Start of Record extracts

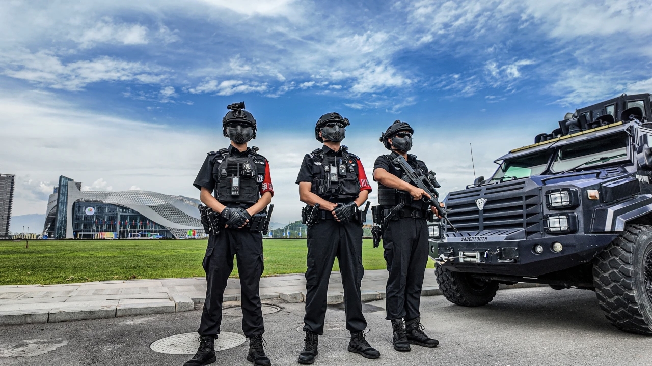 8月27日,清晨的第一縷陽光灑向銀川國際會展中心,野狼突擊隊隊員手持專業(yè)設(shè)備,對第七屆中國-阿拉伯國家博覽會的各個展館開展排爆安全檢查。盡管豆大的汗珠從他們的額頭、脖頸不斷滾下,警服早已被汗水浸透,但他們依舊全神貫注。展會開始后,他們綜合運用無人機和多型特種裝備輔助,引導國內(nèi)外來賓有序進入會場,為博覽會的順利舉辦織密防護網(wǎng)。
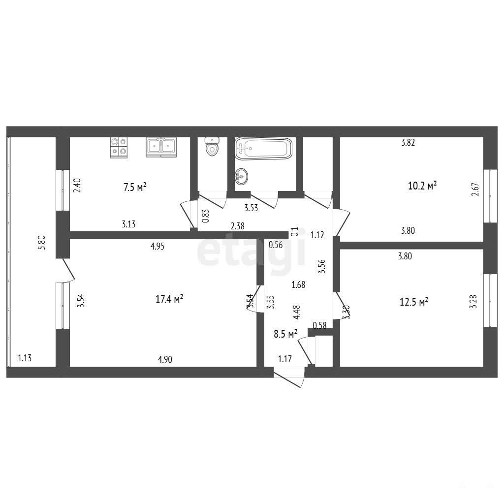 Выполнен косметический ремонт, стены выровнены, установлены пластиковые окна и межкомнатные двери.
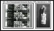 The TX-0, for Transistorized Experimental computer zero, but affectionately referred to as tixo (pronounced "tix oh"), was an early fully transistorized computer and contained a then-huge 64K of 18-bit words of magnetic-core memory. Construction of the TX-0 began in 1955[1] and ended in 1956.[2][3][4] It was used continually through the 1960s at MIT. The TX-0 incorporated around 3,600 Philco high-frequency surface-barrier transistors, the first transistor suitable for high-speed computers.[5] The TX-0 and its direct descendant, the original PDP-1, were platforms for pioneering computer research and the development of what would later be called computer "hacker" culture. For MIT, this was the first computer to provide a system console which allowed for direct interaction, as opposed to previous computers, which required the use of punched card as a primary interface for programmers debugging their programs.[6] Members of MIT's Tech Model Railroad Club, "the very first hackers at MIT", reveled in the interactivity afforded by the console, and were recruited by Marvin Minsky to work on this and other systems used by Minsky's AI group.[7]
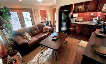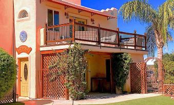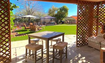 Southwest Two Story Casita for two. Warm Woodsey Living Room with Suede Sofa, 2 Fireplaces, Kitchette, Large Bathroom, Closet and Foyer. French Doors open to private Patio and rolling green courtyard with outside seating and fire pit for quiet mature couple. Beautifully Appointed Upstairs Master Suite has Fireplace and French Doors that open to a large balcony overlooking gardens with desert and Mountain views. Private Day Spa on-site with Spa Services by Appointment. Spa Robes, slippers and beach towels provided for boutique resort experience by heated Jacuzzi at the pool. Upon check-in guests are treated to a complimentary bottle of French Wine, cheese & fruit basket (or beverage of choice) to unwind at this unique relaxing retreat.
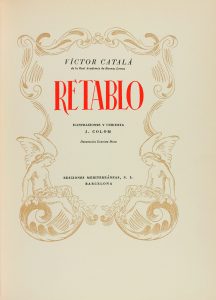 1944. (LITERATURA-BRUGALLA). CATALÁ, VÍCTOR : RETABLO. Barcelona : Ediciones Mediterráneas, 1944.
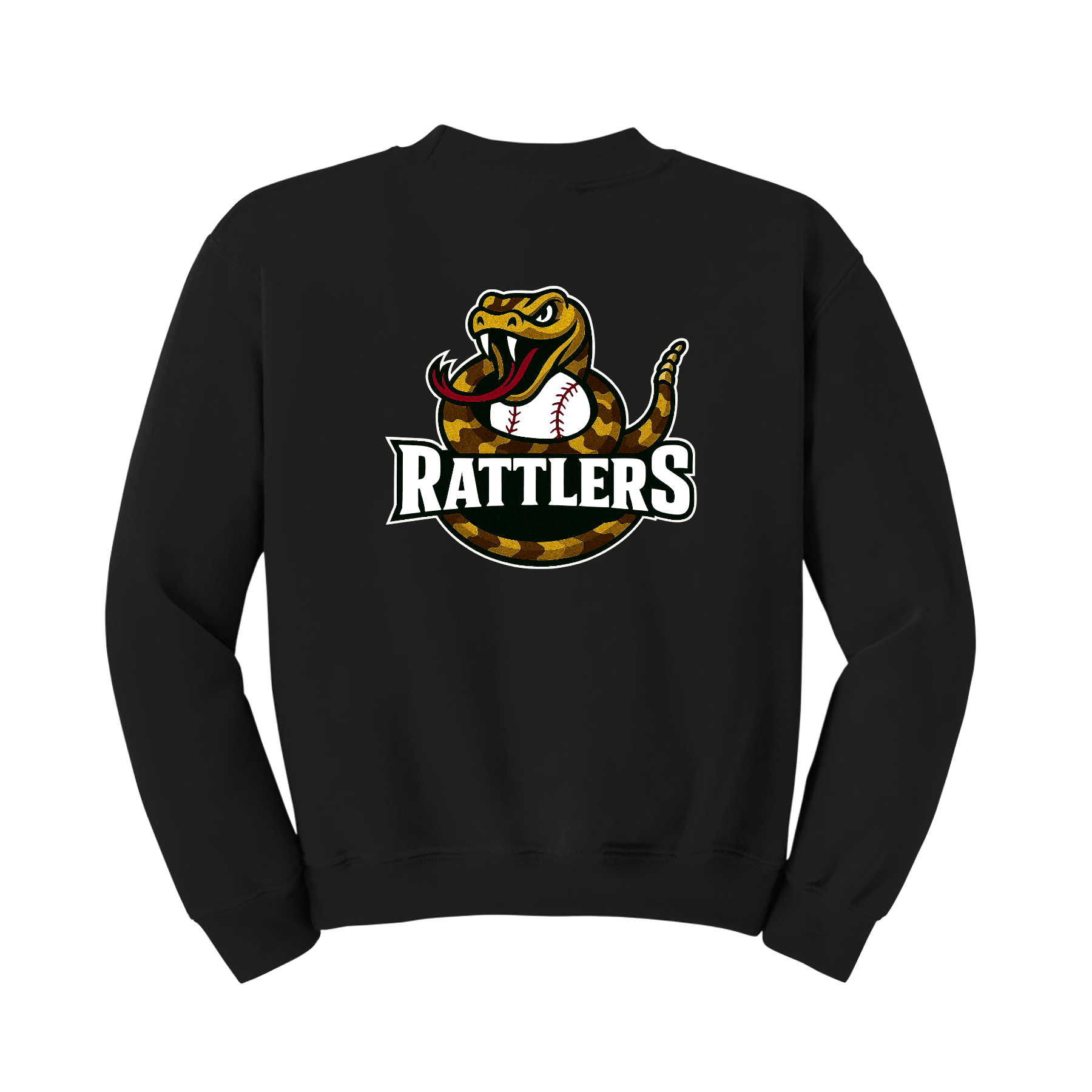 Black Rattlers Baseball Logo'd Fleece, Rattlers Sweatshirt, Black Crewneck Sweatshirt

End of Record extracts
Start of Record extracts

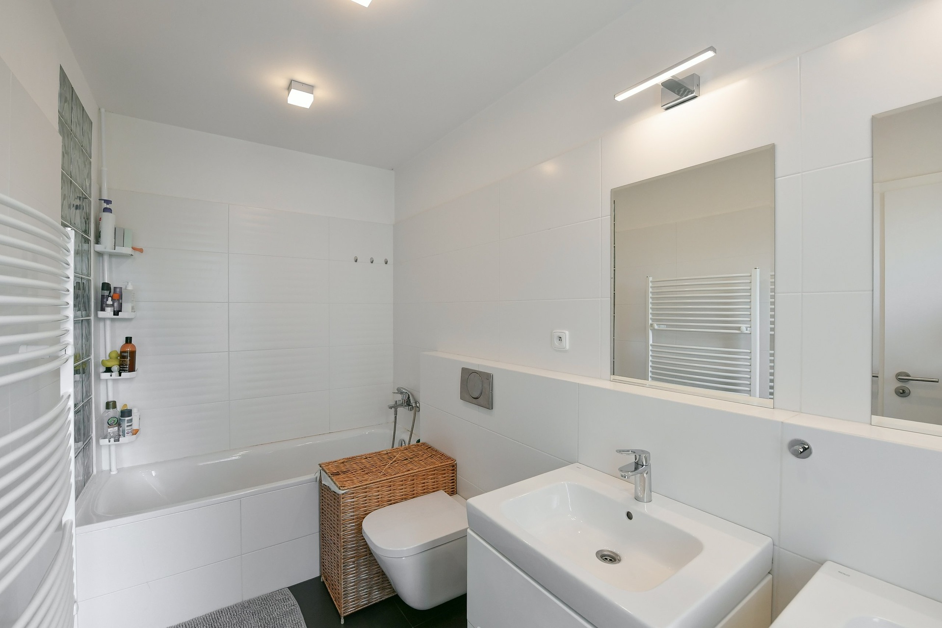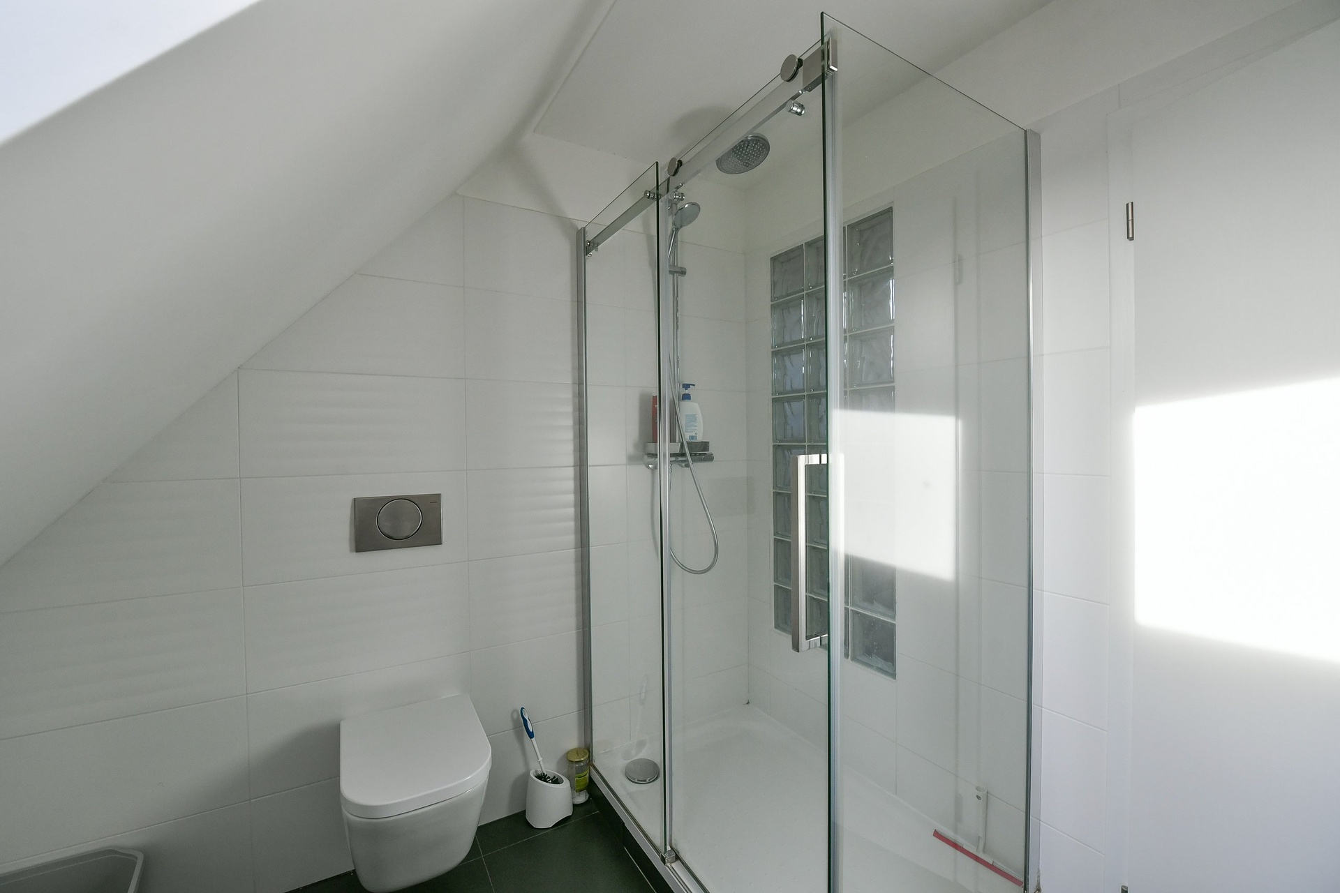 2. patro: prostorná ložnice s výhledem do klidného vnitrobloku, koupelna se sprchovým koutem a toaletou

End of Record extracts
Start of Record extracts

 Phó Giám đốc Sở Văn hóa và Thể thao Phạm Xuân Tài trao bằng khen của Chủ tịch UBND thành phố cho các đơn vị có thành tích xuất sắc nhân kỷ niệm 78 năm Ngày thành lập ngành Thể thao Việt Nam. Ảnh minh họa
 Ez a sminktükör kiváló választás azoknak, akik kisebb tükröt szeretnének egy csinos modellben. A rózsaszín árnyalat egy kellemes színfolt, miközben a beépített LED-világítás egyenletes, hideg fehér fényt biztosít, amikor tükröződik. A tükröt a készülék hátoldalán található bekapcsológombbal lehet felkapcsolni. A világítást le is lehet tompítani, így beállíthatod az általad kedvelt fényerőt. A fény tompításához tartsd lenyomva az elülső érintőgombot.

End of Record extracts

To do >>
Look above for the line containing "Выполнен косметический ремонт, стены", then write out every line from there down to the line containing "Black Rattlers Baseball", that line included, with no pictures.

Problem solution >>
 Выполнен косметический ремонт, стены выровнены, установлены пластиковые окна и межкомнатные двери.
 The TX-0, for Transistorized Experimental computer zero, but affectionately referred to as tixo (pronounced "tix oh"), was an early fully transistorized computer and contained a then-huge 64K of 18-bit words of magnetic-core memory. Construction of the TX-0 began in 1955[1] and ended in 1956.[2][3][4] It was used continually through the 1960s at MIT. The TX-0 incorporated around 3,600 Philco high-frequency surface-barrier transistors, the first transistor suitable for high-speed computers.[5] The TX-0 and its direct descendant, the original PDP-1, were platforms for pioneering computer research and the development of what would later be called computer "hacker" culture. For MIT, this was the first computer to provide a system console which allowed for direct interaction, as opposed to previous computers, which required the use of punched card as a primary interface for programmers debugging their programs.[6] Members of MIT's Tech Model Railroad Club, "the very first hackers at MIT", reveled in the interactivity afforded by the console, and were recruited by Marvin Minsky to work on this and other systems used by Minsky's AI group.[7]
 Southwest Two Story Casita for two. Warm Woodsey Living Room with Suede Sofa, 2 Fireplaces, Kitchette, Large Bathroom, Closet and Foyer. French Doors open to private Patio and rolling green courtyard with outside seating and fire pit for quiet mature couple. Beautifully Appointed Upstairs Master Suite has Fireplace and French Doors that open to a large balcony overlooking gardens with desert and Mountain views. Private Day Spa on-site with Spa Services by Appointment. Spa Robes, slippers and beach towels provided for boutique resort experience by heated Jacuzzi at the pool. Upon check-in guests are treated to a complimentary bottle of French Wine, cheese & fruit basket (or beverage of choice) to unwind at this unique relaxing retreat.
 1944. (LITERATURA-BRUGALLA). CATALÁ, VÍCTOR : RETABLO. Barcelona : Ediciones Mediterráneas, 1944.
 Black Rattlers Baseball Logo'd Fleece, Rattlers Sweatshirt, Black Crewneck Sweatshirt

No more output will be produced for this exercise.